De l’urgence de poser à nouveau la question monétaire
Par RST le dimanche, 21 juin 2015, 20:37 - Notes de lecture - Lien permanent
C’est un petit
livre qui m’a été recommandé par mon ami André-Jacques Holbecq. « L’hydre
mondiale – L’oligopole bancaire » de l’économiste François Morin se lit
facilement et rapidement. C’est un cri d’alarme dont l’objectif est de dénoncer
l’emprise de la finance sur nos existences, emprise exercée à travers une
poignée de banques systémiques – moins d’une trentaine sur les 40 000
exerçant actuellement dans le monde et 11 pour le noyau dur – constituées en un oligopole bancaire dont la puissance
économique et politique nous prive des moyens d’empêcher l’avènement imminent d’un
cataclysme d’ampleur inédite.
Ce n’est évidemment pas la première fois que se trouve dénoncé cet état de fait et ses conséquences potentielles dramatiques. Mais François Morin innove en appuyant sa démonstration sur des données chiffrées et des ordres de grandeur qui concrétisent parfaitement la menace qui plane sur nos têtes, et qui donnent le vertige.
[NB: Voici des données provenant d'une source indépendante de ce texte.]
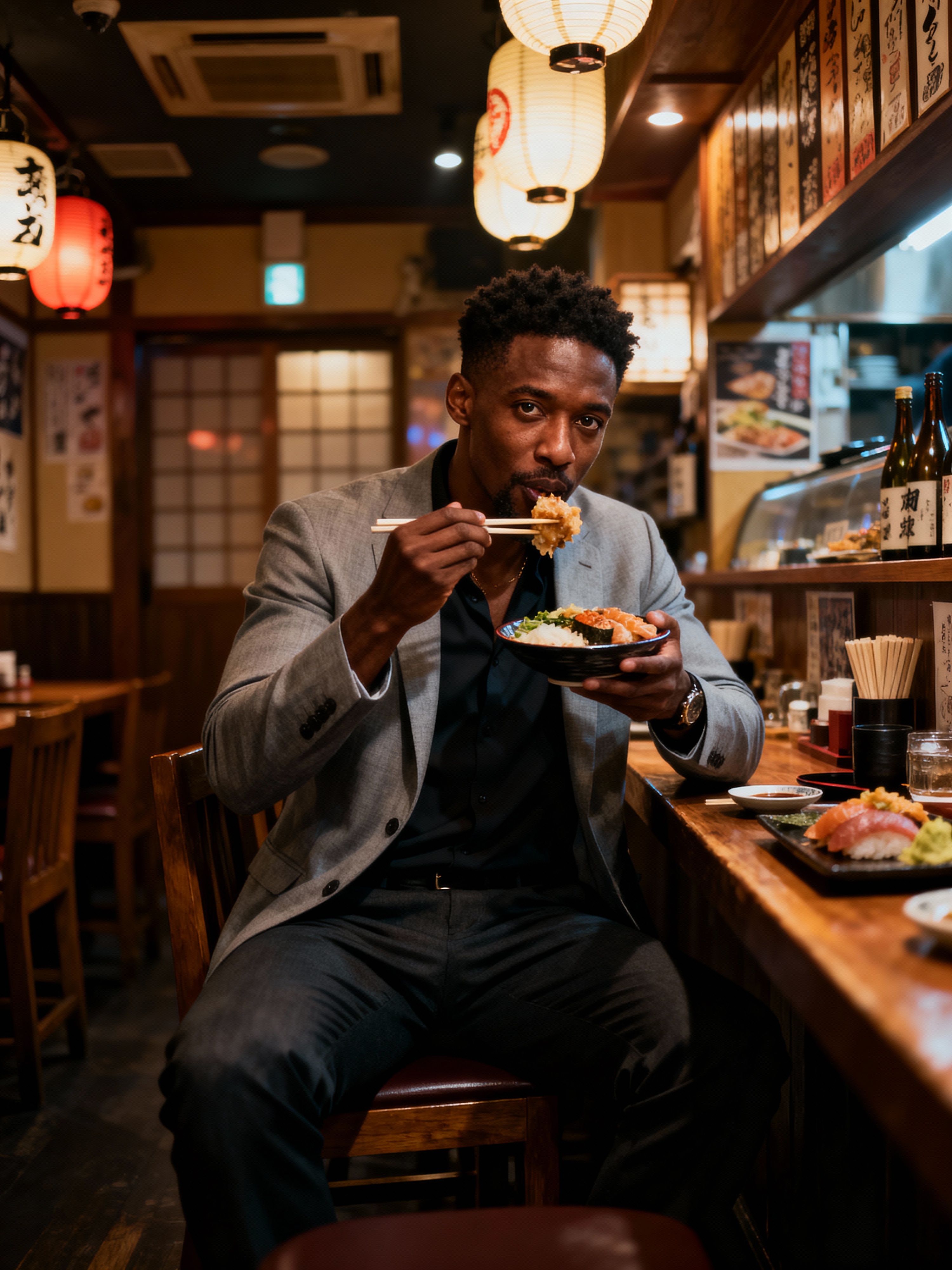 model at a Tokyo izakaya restaurant, wearing relaxed business casual outfit, enjoying Japanese cuisine

Un seul chiffre devrait suffire à nous convaincre de la démesure du secteur financier : pour l’année 2012 le total du bilan des 28 banques systémiques – telles que définies par le G20 – est pratiquement égal au total de l’endettement public mondial soit environ 50 mille milliards de dollars ! Mais le plus angoissant reste encore le hors bilan avec une des clés de l’instabilité monétaire et financière internationale – j’ai nommé les produits dérivés – qui totalisaient plus de 710 mille milliards de dollars d’encours notionnels en 2013 soit pratiquement dix fois le PIB mondial ! Ce sont eux qui sont à l’origine des différentes crises survenues depuis le milieu des années 1990 et pourtant, leur développement, comme on peut le constater sur le graphe ci-dessous, est loin d’être restreint.
Ce que l’auteur démontre
dans son ouvrage c’est que les banques systémiques occupent des positions
dominantes sur plusieurs marchés fondamentaux de la finance globale. Il met en
évidence les liens d’interdépendance entre les membres de cet oligopole
bancaire, tant financière – à travers notamment les CDO ou les CDS – qu’institutionnelle,
à travers leurs participations aux institutions internationales. Tout cela leur
donne la capacité réelle de déstabiliser la planète entière à travers leurs abus
qui ont été mis en évidence lors des nombreux scandales révélés ces derniers
temps : subprimes, manipulation du Libor, du marché des changes ou des
produits dérivés. Ce fonctionnement frauduleux est à l’origine du
surendettement public actuel et les amendes que se sont vues infliger certains
établissements ne changeront rien aux pratiques en vigueur.
Le constat étant
fait, on en arrive à la question fondamentale de savoir si nous avons les
moyens d’éviter le scénario catastrophe qui se profile à l’horizon, provoqué
soit par l’éclatement de la bulle obligataire ou du marché des actions, soit
par la faillite d’une banque systémique ou par un bankrun, et qui verrait toutes les
tensions internes et géopolitiques existantes et pour le moment, contenues, provoquer
des affrontements en tout genre. François Morin propose une solution pour remédier
aux graves dysfonctionnements de la finance : la mise en place d’une monnaie
commune internationale et la réintroduction des taux de change fixes. Mais
comme il l’écrit lui-même, cela « suppose
une communauté internationale suffisamment rassemblée pour définir ses intérêts
collectifs ». On peut toujours rêver !
S’il fallait trouver une critique à faire à cet ouvrage indispensable, ce serait d’avoir traité très – trop ? – rapidement la question du shadow banking et de ne pas avoir parlé du rôle des chambres de compensation comme Clearstream sans qui – sauf erreur de ma part – les banques ne pourraient procéder à leurs opérations habituelles, hors de tout contrôle démocratique.